▶ Your assignment:
Filter the data below for the string "White" and copy each matching line.

▶ Material provided:

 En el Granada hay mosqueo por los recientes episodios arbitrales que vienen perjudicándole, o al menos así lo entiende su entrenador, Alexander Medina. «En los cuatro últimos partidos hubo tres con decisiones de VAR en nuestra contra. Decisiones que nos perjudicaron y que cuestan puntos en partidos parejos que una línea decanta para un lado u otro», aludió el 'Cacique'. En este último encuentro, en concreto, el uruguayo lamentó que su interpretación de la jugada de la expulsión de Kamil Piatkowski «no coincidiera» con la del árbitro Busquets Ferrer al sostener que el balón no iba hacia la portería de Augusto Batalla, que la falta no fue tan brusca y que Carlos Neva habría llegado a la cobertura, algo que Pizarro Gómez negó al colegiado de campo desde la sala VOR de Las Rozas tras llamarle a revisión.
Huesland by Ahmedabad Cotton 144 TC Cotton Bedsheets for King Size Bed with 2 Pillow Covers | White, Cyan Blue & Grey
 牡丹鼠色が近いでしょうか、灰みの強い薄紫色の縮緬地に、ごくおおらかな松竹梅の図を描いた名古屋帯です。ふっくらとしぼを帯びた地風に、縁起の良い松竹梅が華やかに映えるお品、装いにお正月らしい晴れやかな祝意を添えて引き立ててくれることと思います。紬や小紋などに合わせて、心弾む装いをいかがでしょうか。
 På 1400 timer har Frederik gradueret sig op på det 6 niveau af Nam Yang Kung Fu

---

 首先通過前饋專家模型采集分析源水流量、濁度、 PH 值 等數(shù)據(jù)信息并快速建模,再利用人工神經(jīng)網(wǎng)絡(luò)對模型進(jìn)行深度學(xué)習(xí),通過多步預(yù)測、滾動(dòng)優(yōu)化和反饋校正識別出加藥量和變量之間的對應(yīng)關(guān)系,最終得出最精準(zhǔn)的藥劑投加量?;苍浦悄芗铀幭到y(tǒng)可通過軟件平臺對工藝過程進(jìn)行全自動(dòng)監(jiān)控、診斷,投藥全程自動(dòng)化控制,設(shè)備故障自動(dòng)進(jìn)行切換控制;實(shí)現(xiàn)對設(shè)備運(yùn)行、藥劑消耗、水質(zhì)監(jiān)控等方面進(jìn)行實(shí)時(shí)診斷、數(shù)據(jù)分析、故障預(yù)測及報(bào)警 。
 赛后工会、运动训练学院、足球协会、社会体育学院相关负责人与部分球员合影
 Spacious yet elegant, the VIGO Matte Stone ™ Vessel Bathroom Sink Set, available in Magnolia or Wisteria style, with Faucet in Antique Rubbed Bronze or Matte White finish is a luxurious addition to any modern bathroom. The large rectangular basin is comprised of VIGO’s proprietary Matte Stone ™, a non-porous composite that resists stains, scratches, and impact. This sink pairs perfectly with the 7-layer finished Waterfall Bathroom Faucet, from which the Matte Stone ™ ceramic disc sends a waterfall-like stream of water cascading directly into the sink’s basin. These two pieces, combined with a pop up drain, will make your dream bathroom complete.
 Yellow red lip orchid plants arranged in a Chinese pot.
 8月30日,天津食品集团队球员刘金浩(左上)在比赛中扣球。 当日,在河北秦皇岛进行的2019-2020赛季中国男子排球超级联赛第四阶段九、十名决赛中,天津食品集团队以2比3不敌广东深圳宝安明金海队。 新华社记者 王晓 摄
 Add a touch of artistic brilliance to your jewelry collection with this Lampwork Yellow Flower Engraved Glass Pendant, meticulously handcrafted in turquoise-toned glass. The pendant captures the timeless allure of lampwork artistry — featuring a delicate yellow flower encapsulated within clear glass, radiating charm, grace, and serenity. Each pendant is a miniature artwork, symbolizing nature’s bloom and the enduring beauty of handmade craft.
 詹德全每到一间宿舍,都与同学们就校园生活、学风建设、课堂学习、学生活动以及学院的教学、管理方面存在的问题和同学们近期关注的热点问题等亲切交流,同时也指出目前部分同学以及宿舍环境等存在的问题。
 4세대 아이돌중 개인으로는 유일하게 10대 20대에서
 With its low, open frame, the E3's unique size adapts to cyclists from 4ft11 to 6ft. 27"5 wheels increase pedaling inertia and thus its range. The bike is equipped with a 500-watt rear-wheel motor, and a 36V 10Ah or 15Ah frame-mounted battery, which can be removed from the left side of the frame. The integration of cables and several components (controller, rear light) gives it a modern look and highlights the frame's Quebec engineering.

---

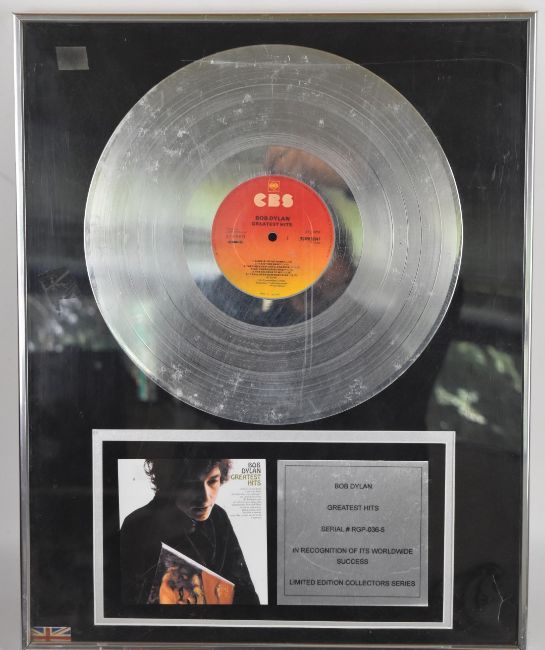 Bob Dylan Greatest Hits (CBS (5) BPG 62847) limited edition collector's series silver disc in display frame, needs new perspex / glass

▶ Result for this task:
Huesland by Ahmedabad Cotton 144 TC Cotton Bedsheets for King Size Bed with 2 Pillow Covers | White, Cyan Blue & Grey
 Spacious yet elegant, the VIGO Matte Stone ™ Vessel Bathroom Sink Set, available in Magnolia or Wisteria style, with Faucet in Antique Rubbed Bronze or Matte White finish is a luxurious addition to any modern bathroom. The large rectangular basin is comprised of VIGO’s proprietary Matte Stone ™, a non-porous composite that resists stains, scratches, and impact. This sink pairs perfectly with the 7-layer finished Waterfall Bathroom Faucet, from which the Matte Stone ™ ceramic disc sends a waterfall-like stream of water cascading directly into the sink’s basin. These two pieces, combined with a pop up drain, will make your dream bathroom complete.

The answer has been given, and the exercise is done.